Für den Nationalpark Hainich liegen als Datengrundlage zwei Waldinventuren vor. Bei der ersten Inventur im Jahr 2000 waren 1200 Waldinventurpunkte aufgenommen worden, bei der zweiten im Jahr 2010 1421 Waldinventurpunkte. Der Anstieg um 221 Waldinventurpunkte ergibt sich aus der Waldentwicklung auf Teilflächen des Nationalparks. Der Nationalparkbericht beginnt im Kapitel über die Holzvorräte wie folgt: „Im Nationalpark wurde bei der Inventur 2010 ein mittlerer Vorrat an lebender Derbholzmasse von 367,5 m³/ha auf der Grundlage von 1.421 Stichprobenpunkten ermittelt (Auswertung N 2010). Gegenüber der Erstaufnahme (363,5 m3/ha bei 1200 Stichprobenpunkten) ist der Vorrat damit nur unwesentlich gestiegen“ (Zitat aus Nationalpark Hainich, 2010). Die Differenz beträgt 3,97 m3/ha in 10 Jahren bzw. die von uns verwendeten 0,4 m3/ha/Jahr.

Eine von Welle et al. eingeforderte selektive Betrachtung nur eines Ausschnittes der Waldflächen im Nationalpark Hainich lässt unserer Meinung nach keine validen Aussagen für die Gesamtentwicklung des Waldes im Nationalpark zu. Ein derartiges Vorgehen ist nach unserer Meinung insbesondere dann nicht korrekt, wenn man die Inventuren für Treibhausgas-Bilanzen verwenden will. Da wir uns in der ursprünglichen Publikation auf den Nationalpark als geographische Einheit bezogen haben, sind nur die Daten für uns relevant, die den Park als Ganzes beschreiben.

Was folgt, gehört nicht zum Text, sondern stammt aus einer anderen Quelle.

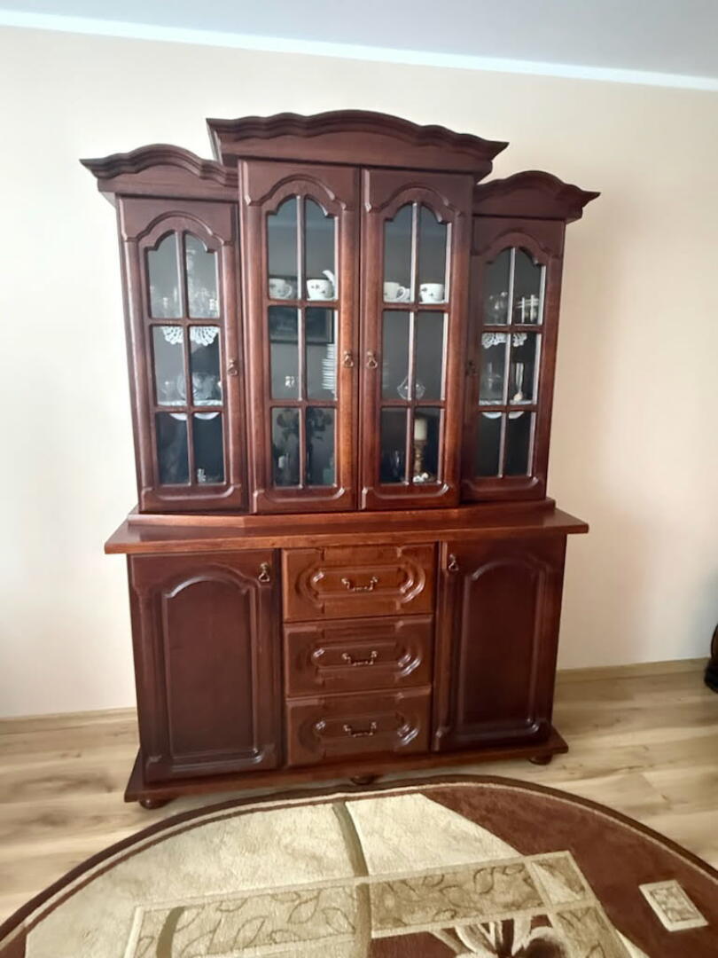 Sprzedam witrynę widoczną na zdjęciu. Wymiary: wysokość 214cm, szerokość 151cm, głębokość 51cm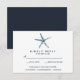 Designed to match our Seahorse &Starfish wedding invitations and accessories this nautical chic wedding RSVP features a vintage style hand drawn starfish illustration in watercolor navy blue.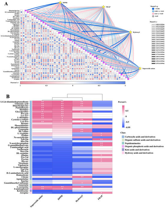 Comparison of antioxidant activity between GL, BL, and JSB. (A) Interactive Mantel test correlation heatmap analysis of DPPH•, FRAP, •OH, O2•−, and key organic acids and derivatives. (B) The inter-group correlation heatmap analysis of DPPH•, FRAP, •OH, O2•−, and key organic acids and derivatives. The vertical coordinate is DMs, and the horizontal coordinate is the 4 antioxidant indicators. **, p values < 0.01. *, p values < 0.05.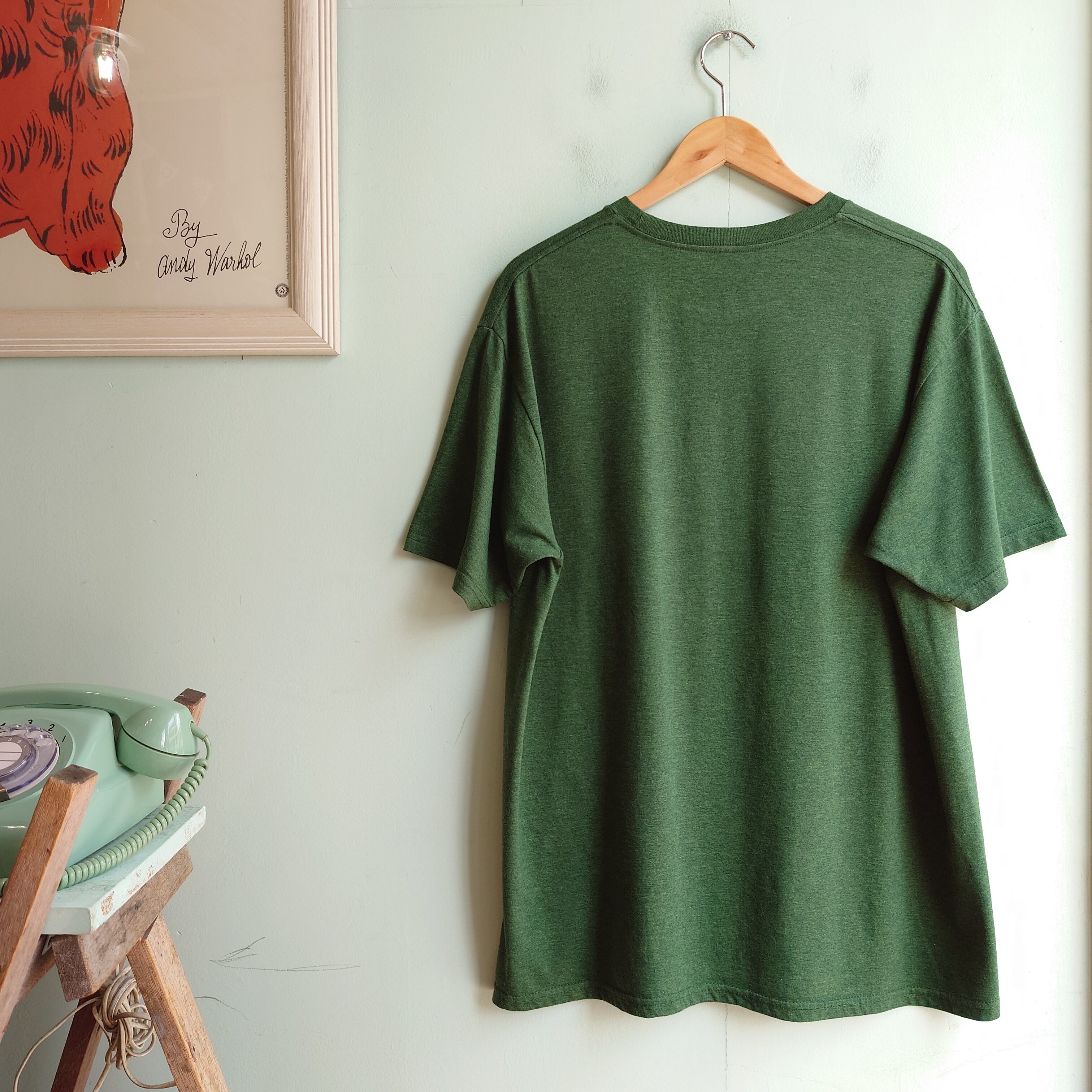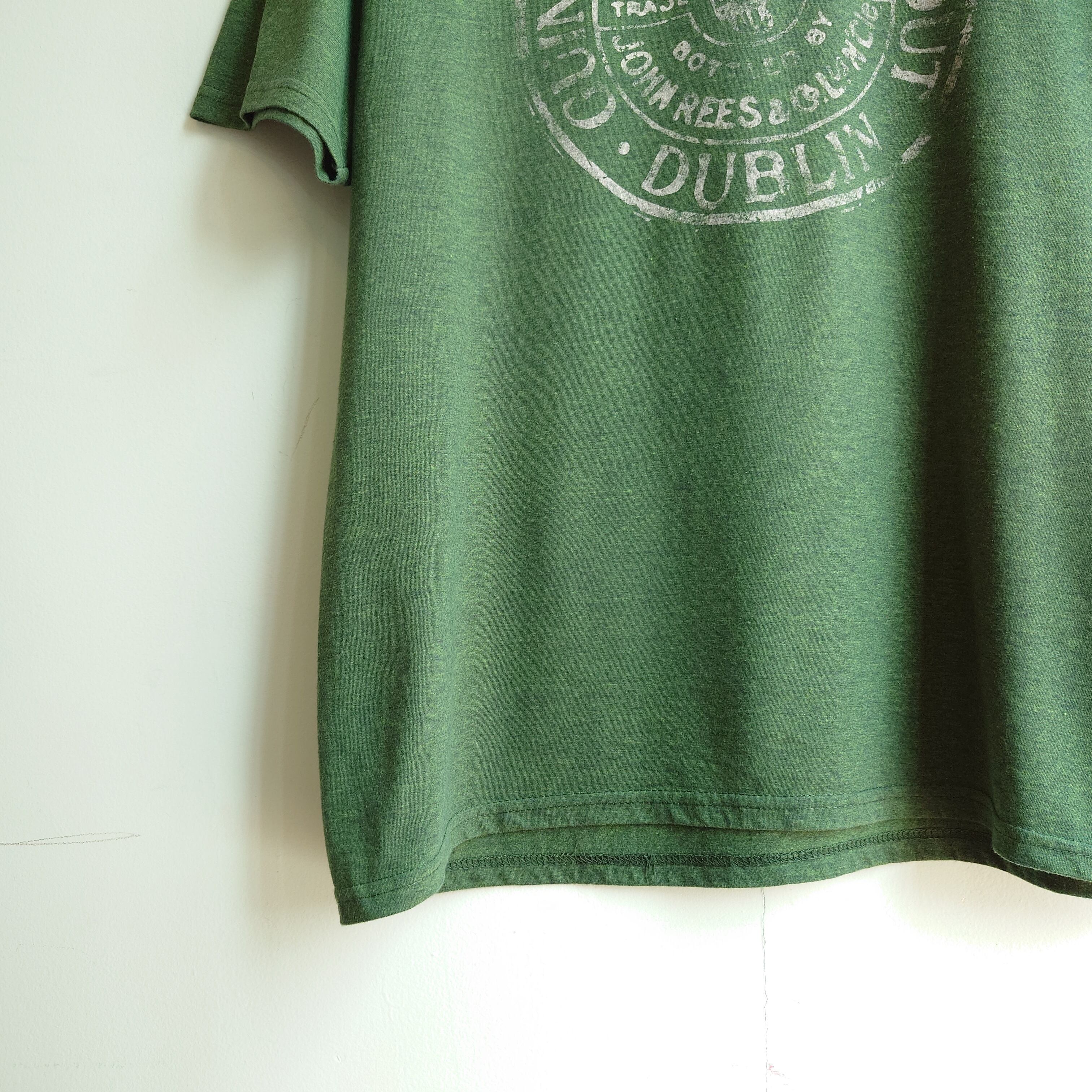 ★アイリッシュビアのキング、ギネスビールのオフィシャルTシャツ。グレーのTシャツをグリーンに染めたような特殊な杢カラーと、滲んだようなプリントがかっこいい大人な一枚。

Abschließend muss noch darauf hingewiesen werden, dass die Pressemitteilung der Hochschule für nachhaltige Entwicklung Eberswalde (HNEE) die Rolle des Ko-Autors unseres Beitrages, Prof. Dr. Hermann Spellmann, falsch darstellte. Prof. Dr. Hermann Spellmann war an der Publikation nicht als Mitglied des Wissenschaftlichen Beirats für Waldpolitik beim Bundesministerium für Ernährung und Landwirtschaft (BMEL) beteiligt, sondern unabhängig davon in seiner Funktion als damaliger Leiter der Nordwestdeutschen Forstlichen Versuchsanstalt. Die HNEE hat inzwischen ihre Pressemitteilung vom 10.08.2020(3) hinsichtlich Titel, Zusammenfassung, Haupttext und Ansprechpartner teilweise revidiert und in der neuen Version auf den Internetseiten abgelegt(9).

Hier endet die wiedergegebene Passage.